The criteria used for final inclusion of patient samples in this study included: a minimum of 80% leukemic blasts, sufficient (2.5 g) total RNA of high quality, high quality cRNA, probe array image inspection, B2 oligonucleotide staining (used for Array grid alignment), and high quality of array hybridization for cRNA that has undergone double amplification (GAPDH value > 1800; >10% expressed genes; and 3’/5’ amplification ratios < 4). Of 311 pediatric ALL cases initially selected for the case-control study, 254 patient samples were ultimately retained. Unfortunately, one case-control cohort (hypodiploidy) had insufficient sample numbers, preventing our effective modeling of that group. Samples were excluded due to insufficient or poor quality RNA (13 cases); < 80% blasts (24 cases); or poor quality array hybridization (20 cases). Thus, high quality gene expression data was obtained on 254/274 (93%) cases that underwent array hybridization. All Affymetrix microarray signal and CEL data, together with covariate clinical, cytogenetic, and annotated experimental information is available at the National Cancer Institute Cancer Array Informatics website ( Experiment ID 1015897590271440).
Computational Analysis
The 254 patient dataset was first pre-processed by the removal of control probe sets (AFFX accession IDs), and probe sets with no “present” calls, as determined by the Affymetrix MAS 5.0 statistical software. After this process, 8,943 of the original 12,625 Affymetrix HG_U95Av2 probe sets were retained for analysis. Next a base-10 logarithmic transformation of the gene expression data was performed. This logarithmic transformation scales the data to assist in visualizations, remedies right-skewed distributions and makes error components additive (7). Log transformation was used for all data analysis methods except VxInsight, which used Savage scores instead (8).

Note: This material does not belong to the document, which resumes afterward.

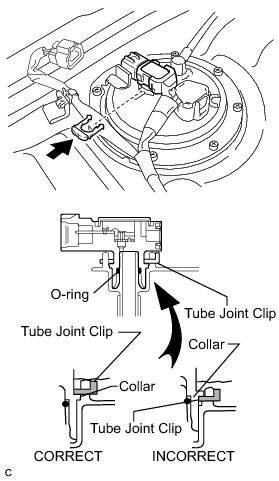 * Check that the tube joint clip is on the collar of the vapor pressure sensor assembly.

We analyzed the processed gene expression data in two steps. First, we used unsupervised methods, including Principal Component Analysis (9, 10) (PCA) and VxInsight (11-14), a data visualization environment with a clustering algorithm based on force-directed graph layout. Unsupervised methods allow the discovery and visualization of unknown groups and relationships in the data. Our data was visualized using the first three principal components of PCA, as well as the layout given by VxInsight. Second, the dataset was subjected to various supervised learning techniques. Supervised techniques require the division of the dataset into a training and test set. The 254 patient dataset was divided into a 167 patient training set and an 87 patient test set. The training set was selected at random but was balanced so that the distribution of known karyotypes (including t(12;21)[TEL-AML1], t(4;11)[AF4-MLL], t(1;19)[E2A-PBX1], t(9;22)[BCR-ABL], and hyperdiploid>50) was representative of the entire dataset.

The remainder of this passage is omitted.